TaqPath Covid-19 RNase P 2.0 kit is a newly designed test, which delivers precise results by compensating for current and future Covid-19 viral mutations.
It has been redesigned for the detection of active SARS-CoV-2 infections by identifying the presence of any one of eight gene targets from the virus.
By surveying across various genes, the test holds the potential to deliver accurate results even as mutations shift the genes they express, said the company.
Thermo Fisher Scientific genetic testing solutions senior medical director Manoj Gandhi said: “SARS-CoV-2 is continuing to mutate, and this assay is the latest in our efforts to make sure our tests are future proofed against those variants.
“With this product, we are offering customers the next generation of our COVID-19 diagnostic test that has inbuilt checks and balances in the face of emerging variants.”
The newly designed assay is used by the TaqPath COVID-19 RNase P 2.0 kit for the assessment of nasopharyngeal and nasal swab samples to identify Covid-19 cases.

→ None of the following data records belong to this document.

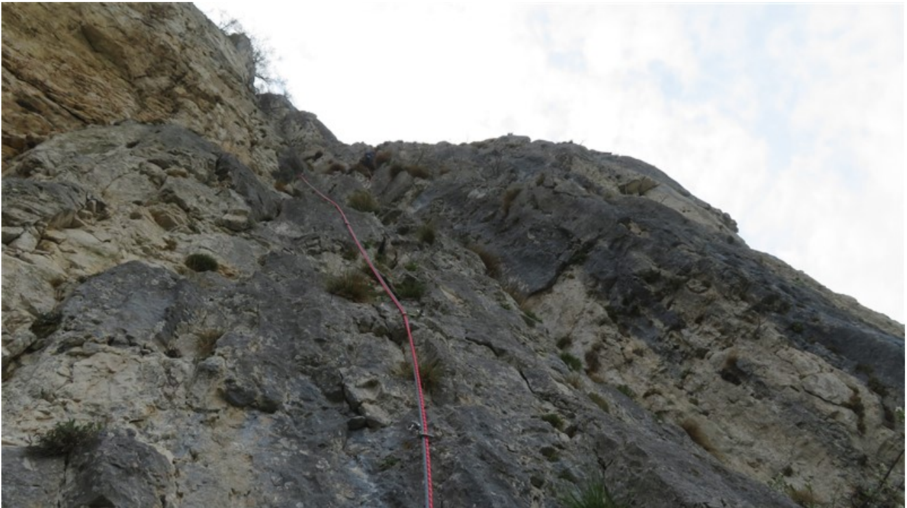
Quarta e quinta lunghezza
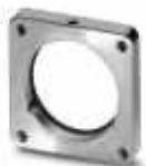
Vierkant-Montageflansch, Axialdichtung, 4xM3, Flanschmaß: 35 mm x 35 mm

Vierkant-Montageflansch - RF-Z0003 - 1607905
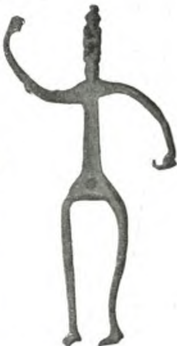
Fig. 14. Votivfigürchen, Niederösterreich.

Grödentäl; Muttergottes auf der Weltkugel , aus Mödling; 2 Reliquiarien mit den Herzen Jesu und Maria, mit eingerolltem Goldpapier verziert, in Glaskästchen, aus Tirol; 2 Altarleuchter aus vergoldetem Holze, mit Engelsköpfen verziert, aus dem Jahre 1697, aus Lanzenkirchen; Mariazeller Muttergottes mit Samtmantel, in vergoldetem Barockkästchen, aus Aussee; bemalter Kupferstich , die
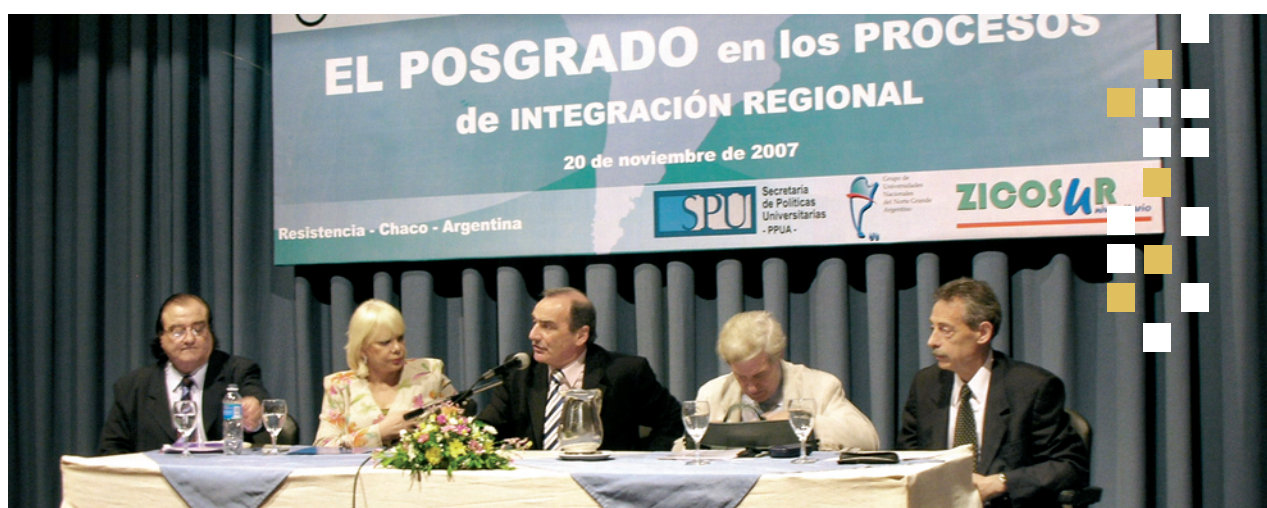
Universidad Nacional del Nordeste, Argentina 20 de noviembre de 2007
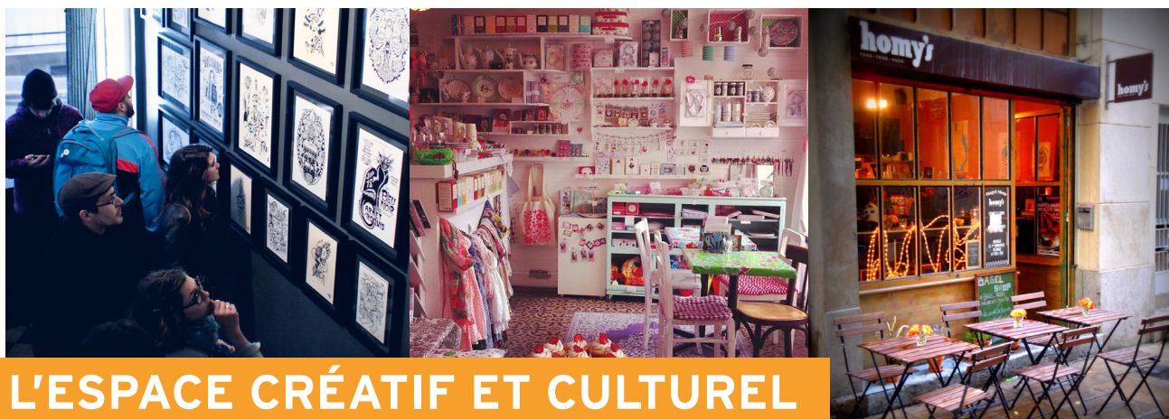
De gauche à droite : Espace LVL, Henry & Henriette et Homy's
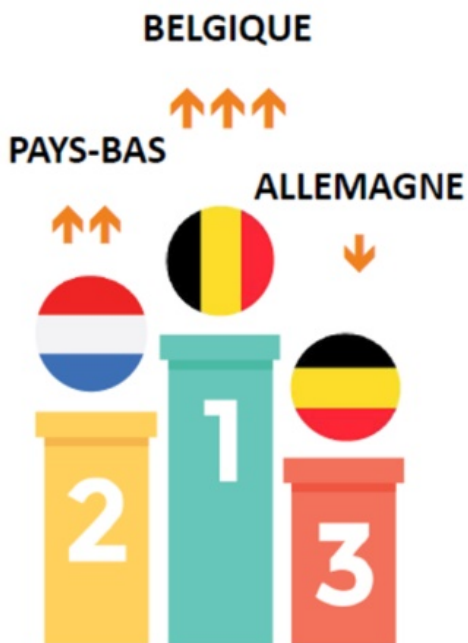
TOP ORIGINES ÉTRANGÈRES ESTIVALES
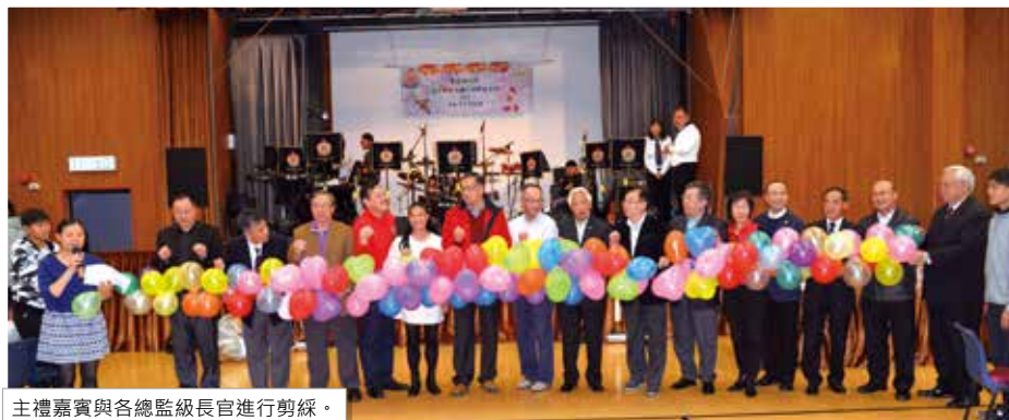
主禮嘉賓與各總監級長官進行剪綵。
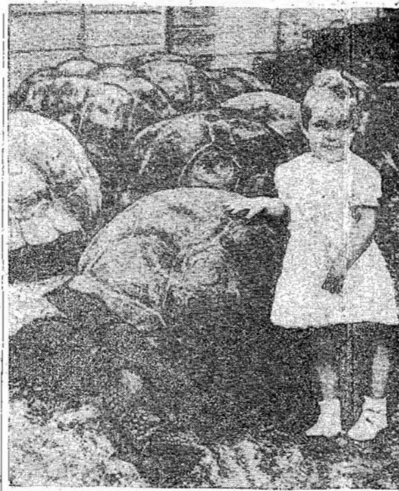
Cia matomi želviai (tortoise) no gyventojai. Prie jų stovi sverta po 500 svarų ir yra North Miami zoologijos sodnesių mergaitė, 16 mėnesių mergaitė.

Būitai atidavę japonams Singapora be didelio pasipriešinimo.
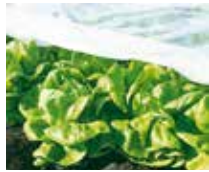
Fiberduk (17g) 2 x 20 m och 2,4 x 6,5 m. Skyddar växter mot vind, stark sol & flygande insekter.
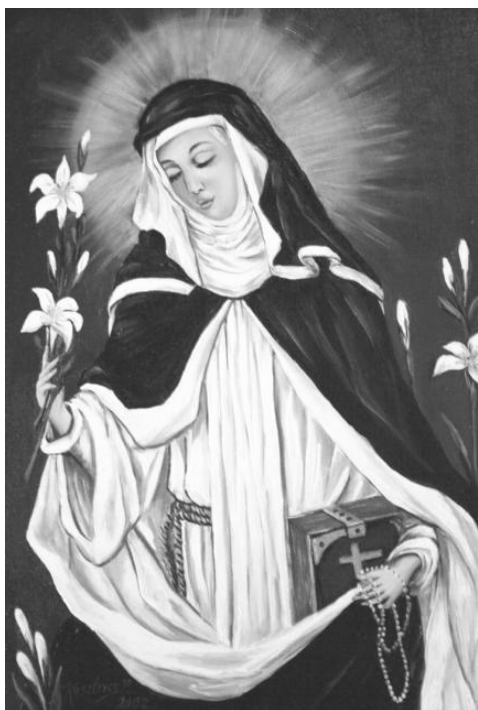
Árpád-házi Szent Margit

Isten rabjai címen 1908-ban írta meg feledhetetlen regényét Margitról.
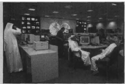
↑ 美国重视利用现代化的电视手段，主导和控制国际、国内舆论。图为目前惟一实现报道阿富汗局势的半岛电视台总部（设在卡塔尔多哈）。美国禁止国内主要电视台转播该台播放的本·拉丹及其同伴的讲话。
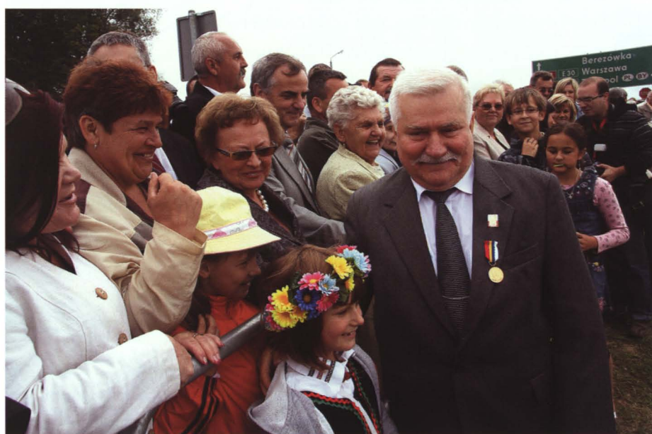
W sierpniu 2009 roku gościem dożynek w Kobylanach był prezydent Lech Wałęsa
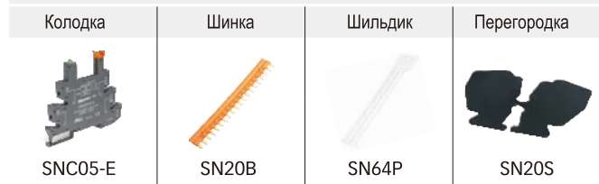
Таблица подбора реле и аксессуаров
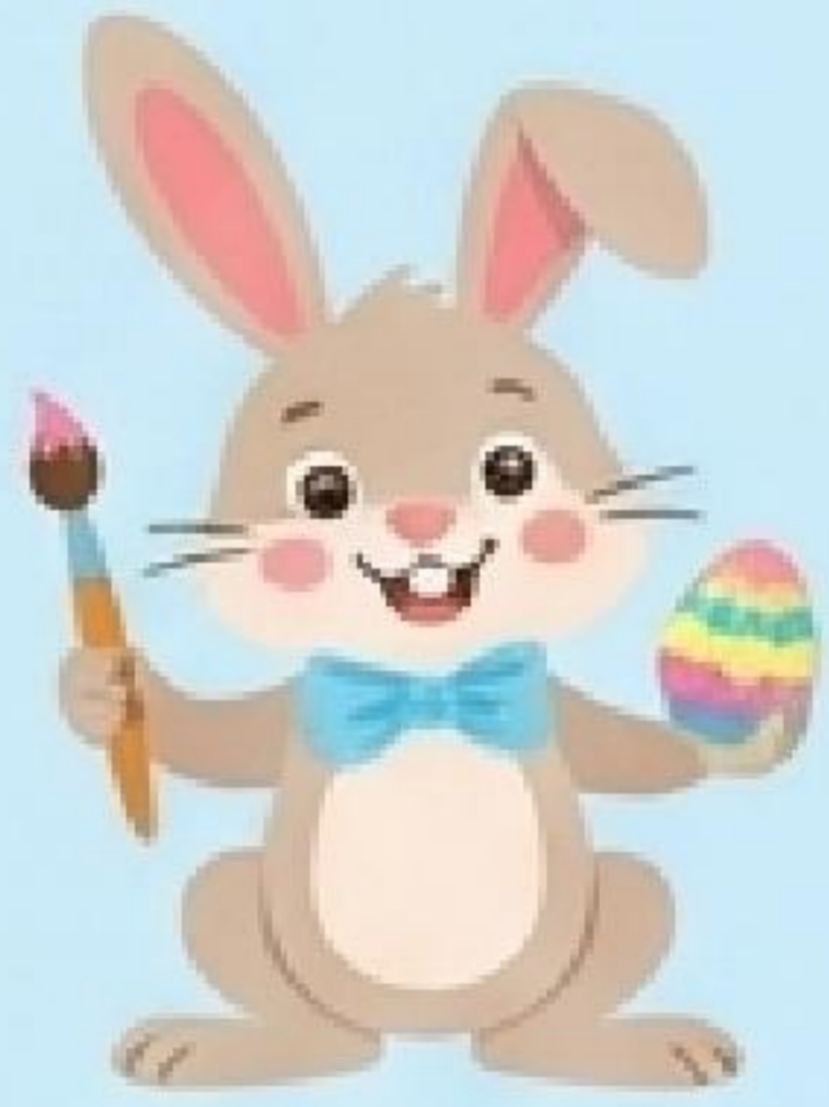
Easter Bunny (Osterhase)
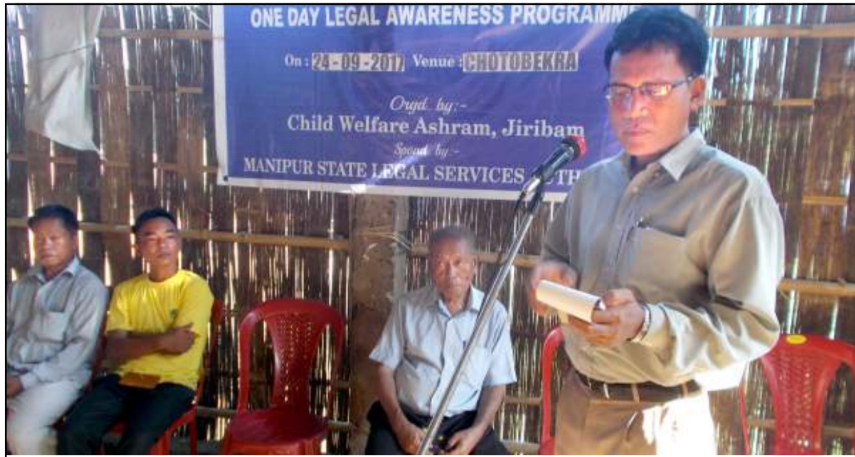
চাইল্ড ৰেলফেৰ আশ্ৰম, জিৰিবামনা শিন্দুনা মণিপুৰ ষ্টেট লিগেল হেল্প সৰ্ভিচেস এছোসিয়েটী মীংয়েং মখাদা ছোট্টোবেক্ৰাদা পাড্‌থোকপা লিগেল এৱেৰেনেস প্রোগ্ৰাম

ট্ৰাফিক/অমাংথোঙ মনুংদা ফুৰিঙুমা তংলগা লৈবা, তংলগা লৈবা অদুদনী খোঙ হায়া খুদিংগী ঙৈ দ্ৰোপ-দ্ৰোপ তারকপা, খোঙ হায়া চাং নাইদবা অমদি মতম কুইনা চঙবা, অমাংথোঙদা মৱেং-মৱেং চংলগা য়ান্না হাক্‌চবা, পুজা নুংশিং কাৱগা চাবা-থকপা যাদবা ফহনবগী ওজাবু খাগ্‌চরি
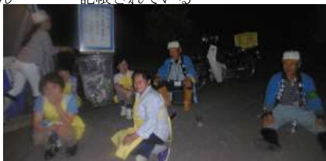
今日も無事に終わりほっと一息
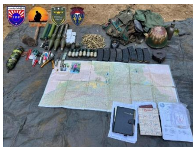
Explosives and military equipment left behind by retreating soldiers in Myawaddy Township, Karen State on Monday.

Six junta troops were killed and 14 injured in intense clashes with a combined force of Karen National Liberation Army (KNLA) and PDF groups in Myawaddy Township, Karen State on Sunday and Monday, said the KNLA's Cobra Column on Tuesday.
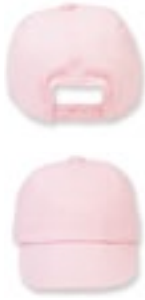
LW090 | LW090 Baby Cap

100% Baumwolle 6/12 Monate, 1/2, 3/5 Jahre 185 g/m 2
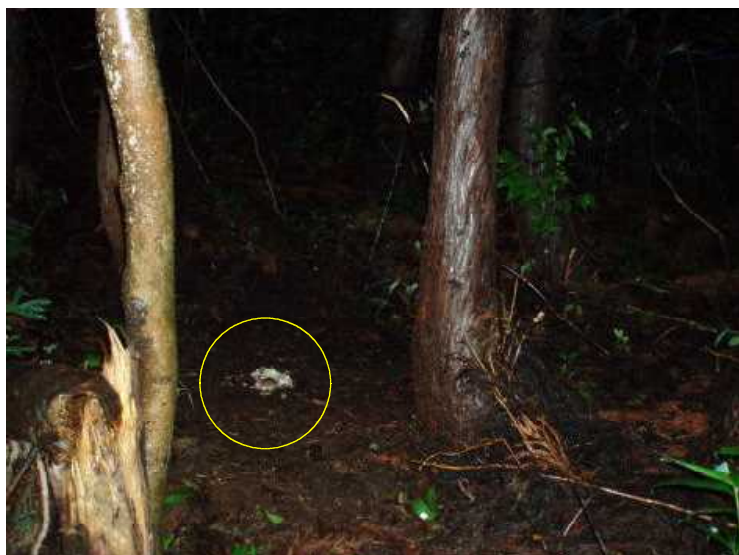
装置機種：ファイル・ノートDCs700 アカネズミ（ハ死°-食） 平成21年7月27日 20：43撮影
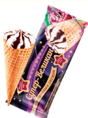
МОРОЖЕНОЕ "СУПЕР-ВЕЛИКАН" ВАНИЛЬНОЕ С ВИШНЕВЫМ ДЖЕМОМ В САХАРНОМ РОЖКЕ, 100 ГР

It has a turnaround time of about three hours
Since March last year, the first-generation TaqPath Covid-19 CE-IVD RT PCR Kit has been available for testing the people.
In August this year, Thermo Fisher secured an emergency use authorisation (EUA) from the US Food and Drug Administration (FDA) for its TaqPath Covid-19 Fast PCR Combo Kit 2.0 and the TaqPath COVID-19 RNase P Combo Kit 2.0 assays.